Although I have not been a great reader of short stories in the past, that never stopped me from buying collections of them anyway. I think what has held me back from reading more short stories, is that faced with choosing a book to read, I nearly always choose a straightforward novel. I've always felt that if I pick up a collection of short stories, I was meant to read the stories straight through from cover to cover--like a novel. I'm not so sure that is the best way to approach them, however. I think I'd like to pick and choose stories at random, as I've been selecting ghost stories for the last couple of months. Some collections are smaller, or the stories interwoven, so they seem to lend themselves to reading the book as a whole, in (more or less) one go. But large collections of stories by one author or anthologies by multiple authors--I think I'd rather take them in smaller doses here and there (I seem to be much more apt to read them in this situation--just one or two rather than faced with an entire book). Besides, is there a correct way to read short stories anyway? I do have Kate Sutherland's All in Together Girls, which I would like to read in its entirety. Dorothy read it earlier this year and enjoyed it and a quick glance through makes me think I will, too.
As for picking and choosing, just a cursory look at my shelves and I came up with these collections (I actually have others, but these were the handiest to grab):
- Bernice Bobs Her Hair and Other Stories, F. Scott Fitzgerald -- I've always been intrigued by the sound of this story
- Collected Stories, Elizabeth Bowen -- 79 stories-love stories, ghost stories, stories of childhood, of English middle-class life in the twenties and thirties, of London during the Blitz
- Fifty Stories, Kay Boyle -- Set in Paris in the 20s, in Austria before and after the Anschluss, in New York, in occupied Germany, in California
- Across the Bridge, Mavis Gallant -- Paris stories
- The Collected Stories, Eudora Welty
- First Love and Other Stories, Ivan Turgenev
- The Country of the Pointed Firs, Sarah Orne Jewett -- This was a gift from a friend in Germany who studied American Lit and works as a translator
- Wilderness Tips, Margaret Atwood
- The Springs of Affection: Stories of Dublin, Maeve Brennan
- Selected Stories, Alice Munro
- A Vocation and a Voice, Kate Chopin -- I've read some of her stories and enjoyed them very much
- A New England Nun and Other Stories, Mary E. Wilkins Freeman -- Like Chopin, this author is known as a regionalist
Now it is a matter of which story to choose first. I think I'd like to read pairs of stories that are similar in some way in order to compare and contrast. Mostly, though, I just want to enjoy a good story. How to write about them after the fact is something I am still working out. I feel like I am just giving plot summaries. It's amazing how much meaning an author can infuse into just a few pages, but I'm not sure I catch everything each time. No doubt how I read, what I read, and what I get out of the story will likely change as I go along.

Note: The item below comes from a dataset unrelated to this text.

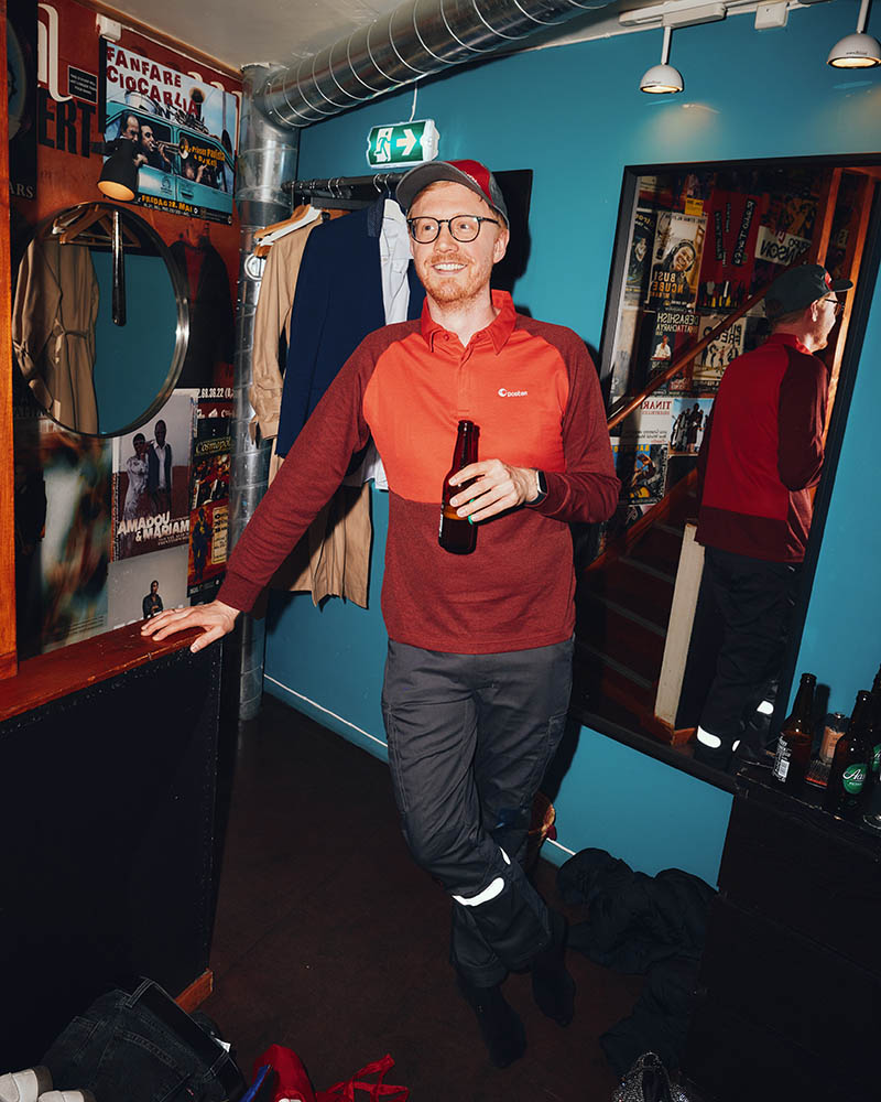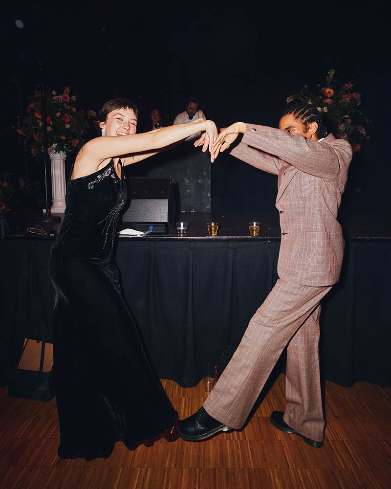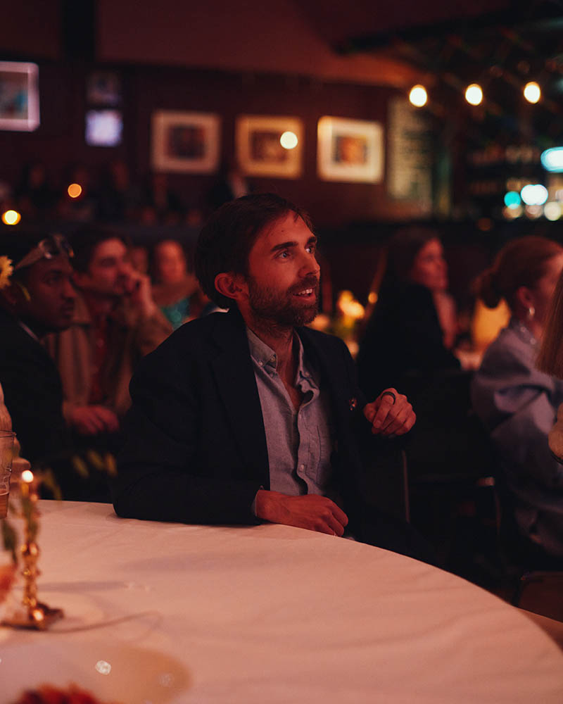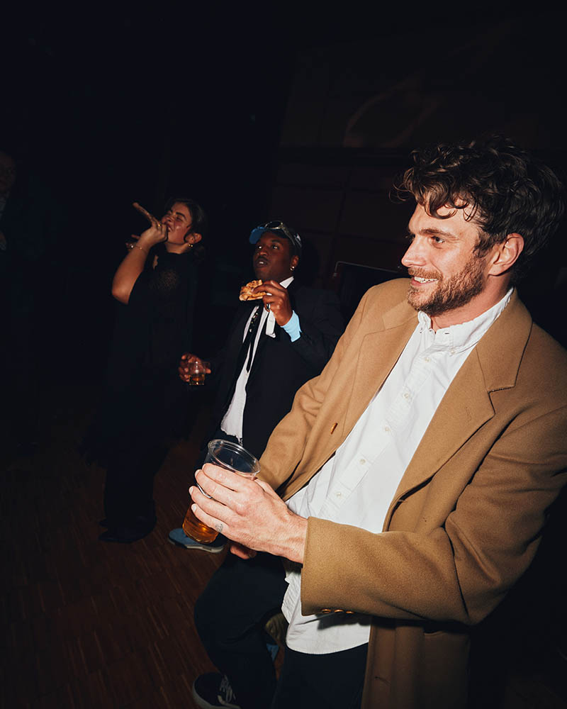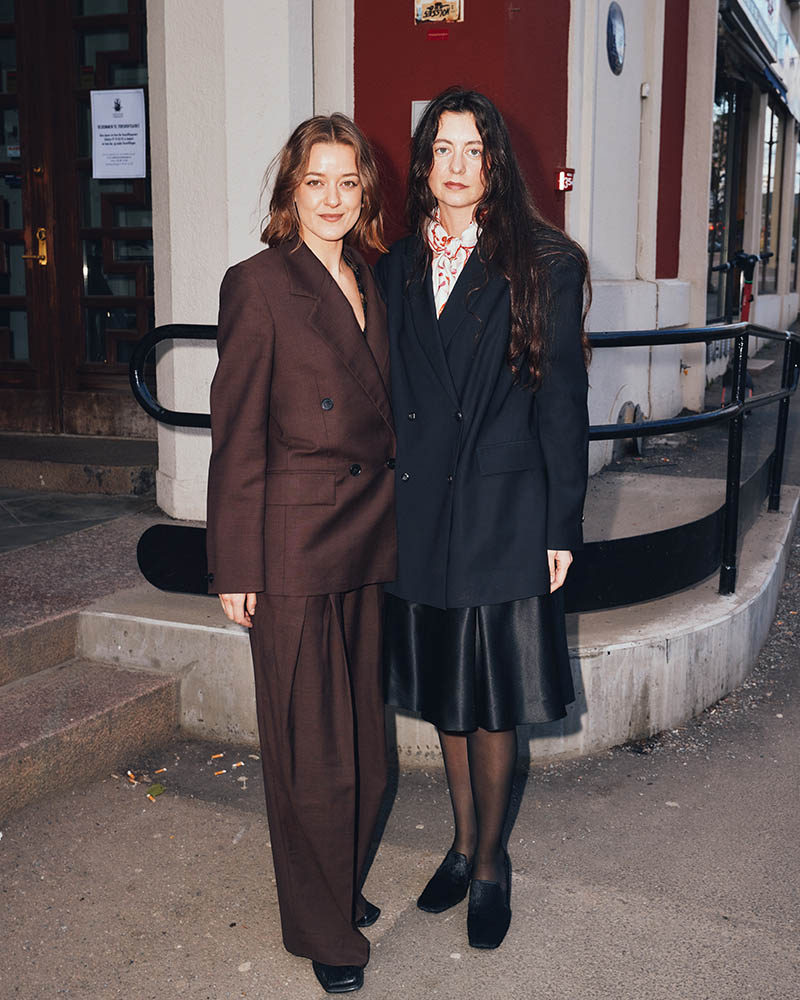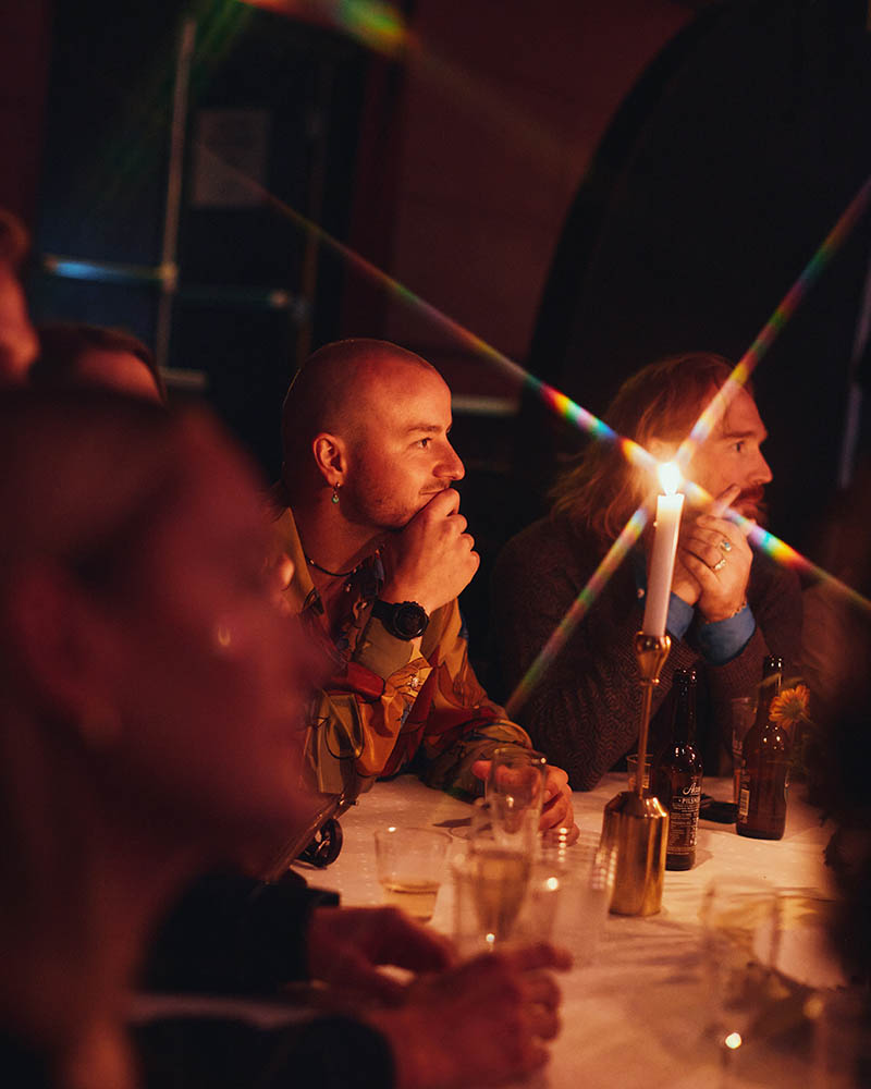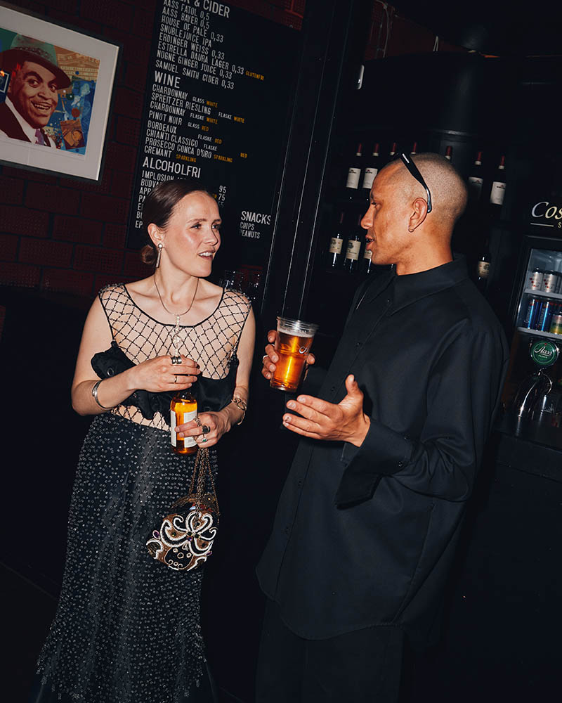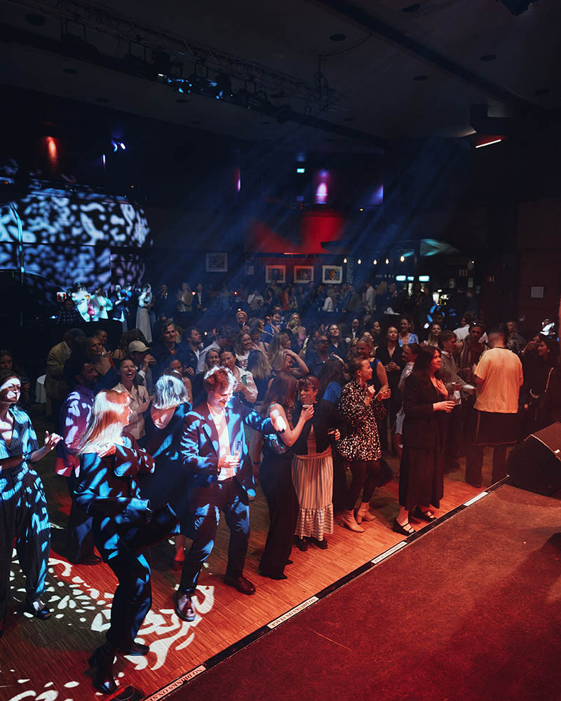 William Bru Waardal, Fredrikke Hoem Larsen, Sophia Josefin Johansson og Rikke Olsen på Tise Awards 2024, i matchende antrekk fra MAILLIW sydd av gjenbrukte uniformer fra Vinmonopolet.

One more thing--the new Persephone Books Biannually and catalog have arrived! Nobody does elegant quite like Persephone Books does it. They also sent along a crisp, new catalog along with the newsletter and a bookmark. I will be reading the Biannually this weekend lusting after the new books and making note of all the books in the catalog that I want to order (they are redesigning some of them with artsy covers--very lovely). I'll have to be satisfied with looking at the moment, but I have plenty of unread Persephones to keep me busy for a while in any case.